● **Instructions to follow**
Nothing but the lines from the start of the data through the line with "第36分鐘,努內(nèi)斯" should appear in the answer, each retyped exactly, and pictures should not.

======== Exercise input

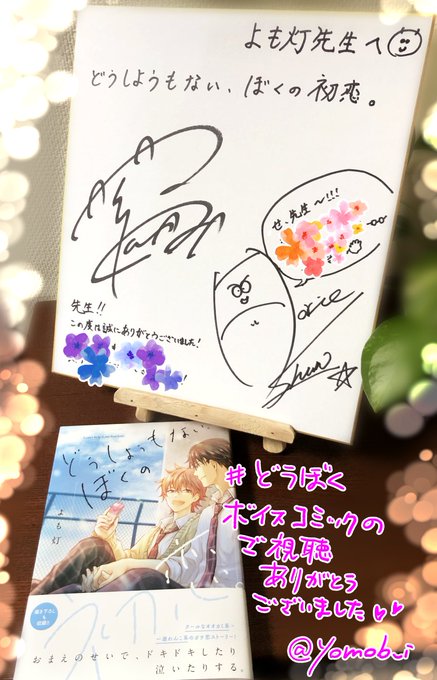 🎙️#どうぼく ボイスコミック全6話、無事最終話を迎えました! 制作して下さったアンジェンテ様、ご視聴頂いた皆様、そしてキャストの皆様、本当にありがとうございました!アーカイブもございますのでご視聴まだの方も是非どうぞ~ youtube.com/playlist?list=… 色紙は駒田航さんと堀江瞬さんから🥹 #商業BL twitter.com/yomob_i/status…
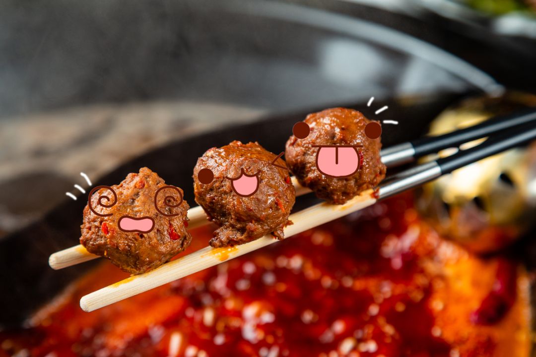 只需下锅煮上5分钟,就可以打来上来啦,放在辣味十足的牛油锅底,牛肉丸充分吸收了汁水,辣味十足,一口咬下还会爆汁哦!
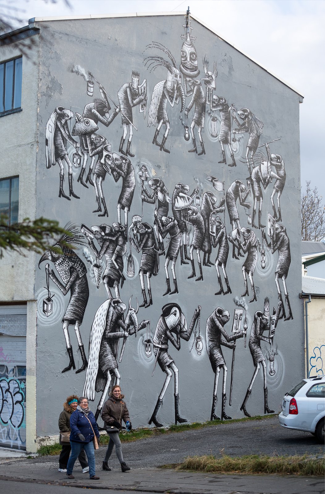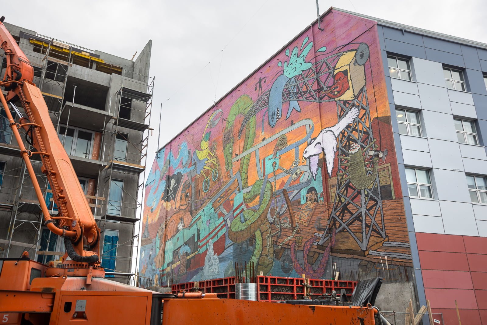 Airwaves completely takes over Reykjavík 101 each year, but since 2015, the festival is leaving a more lasting mark on the city. WALLPOETRY is an initiative that brings together music and street art into a series of ten towering, large-scale murals that can be found dotted around the festival area.
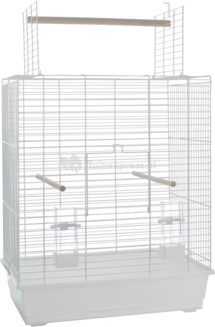 Vogelkooi Big Ara, open model. Deze kooi is geschikt voor parkieten en agaporniden. Het dak van deze kooi kan open om zo een vrije zitplaats voor uw vogel te creeren. Inclusief zitstokjes en drink en voederbakjes.
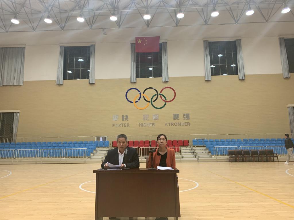 会上,副院长刘仁憨宣读了《KY开元集团官网庆祝学校60周年校庆活动实施方案》,副院长雍世仁宣读了关于校庆期间体育学院纪律规定,18级社体班学生李佳明同学做了表态发言。
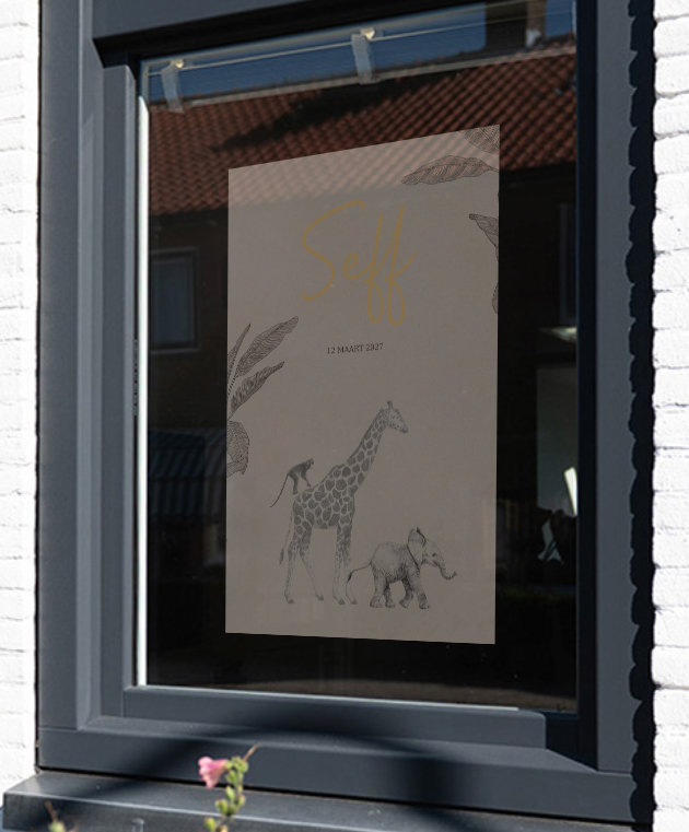 Geboortekaartje jongen jungle thema. Dit is een stoer langwerpig staand formaat van 10x21 cm en de naam staat in letters van goudfolie foliedruk .
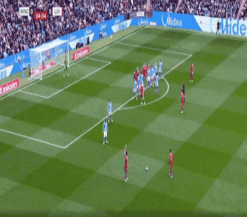 第36分鐘,努內(nèi)斯禁區(qū)內(nèi)傳球,范迪克如同伐木一般放倒了奧萊利,奧利弗迅速將手指向點(diǎn)球點(diǎn)。
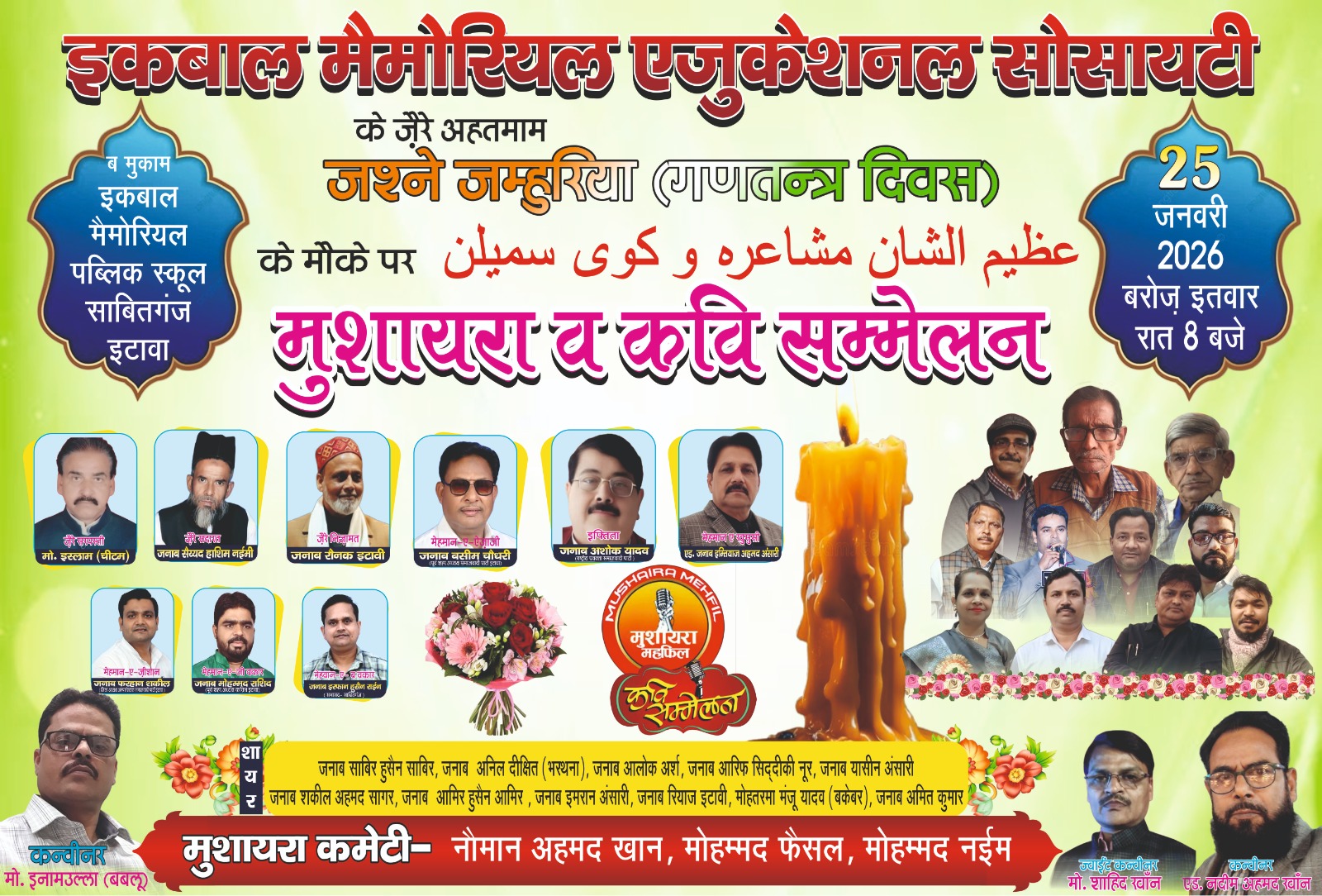 इटावा। इकबाल मेमोरियल एजूकेशनल सोसायटी के तत्वावधान में गणतंत्र दिवस के मौके पर 25 जनवरी दिन इतवार को रात 8 बजे साबित गंज स्थित इकबाल

================

● **Expected answer**
 🎙️#どうぼく ボイスコミック全6話、無事最終話を迎えました! 制作して下さったアンジェンテ様、ご視聴頂いた皆様、そしてキャストの皆様、本当にありがとうございました!アーカイブもございますのでご視聴まだの方も是非どうぞ~ youtube.com/playlist?list=… 色紙は駒田航さんと堀江瞬さんから🥹 #商業BL twitter.com/yomob_i/status…
 只需下锅煮上5分钟,就可以打来上来啦,放在辣味十足的牛油锅底,牛肉丸充分吸收了汁水,辣味十足,一口咬下还会爆汁哦!
 Airwaves completely takes over Reykjavík 101 each year, but since 2015, the festival is leaving a more lasting mark on the city. WALLPOETRY is an initiative that brings together music and street art into a series of ten towering, large-scale murals that can be found dotted around the festival area.
 Vogelkooi Big Ara, open model. Deze kooi is geschikt voor parkieten en agaporniden. Het dak van deze kooi kan open om zo een vrije zitplaats voor uw vogel te creeren. Inclusief zitstokjes en drink en voederbakjes.
 会上,副院长刘仁憨宣读了《KY开元集团官网庆祝学校60周年校庆活动实施方案》,副院长雍世仁宣读了关于校庆期间体育学院纪律规定,18级社体班学生李佳明同学做了表态发言。
 Geboortekaartje jongen jungle thema. Dit is een stoer langwerpig staand formaat van 10x21 cm en de naam staat in letters van goudfolie foliedruk .
 第36分鐘,努內(nèi)斯禁區(qū)內(nèi)傳球,范迪克如同伐木一般放倒了奧萊利,奧利弗迅速將手指向點(diǎn)球點(diǎn)。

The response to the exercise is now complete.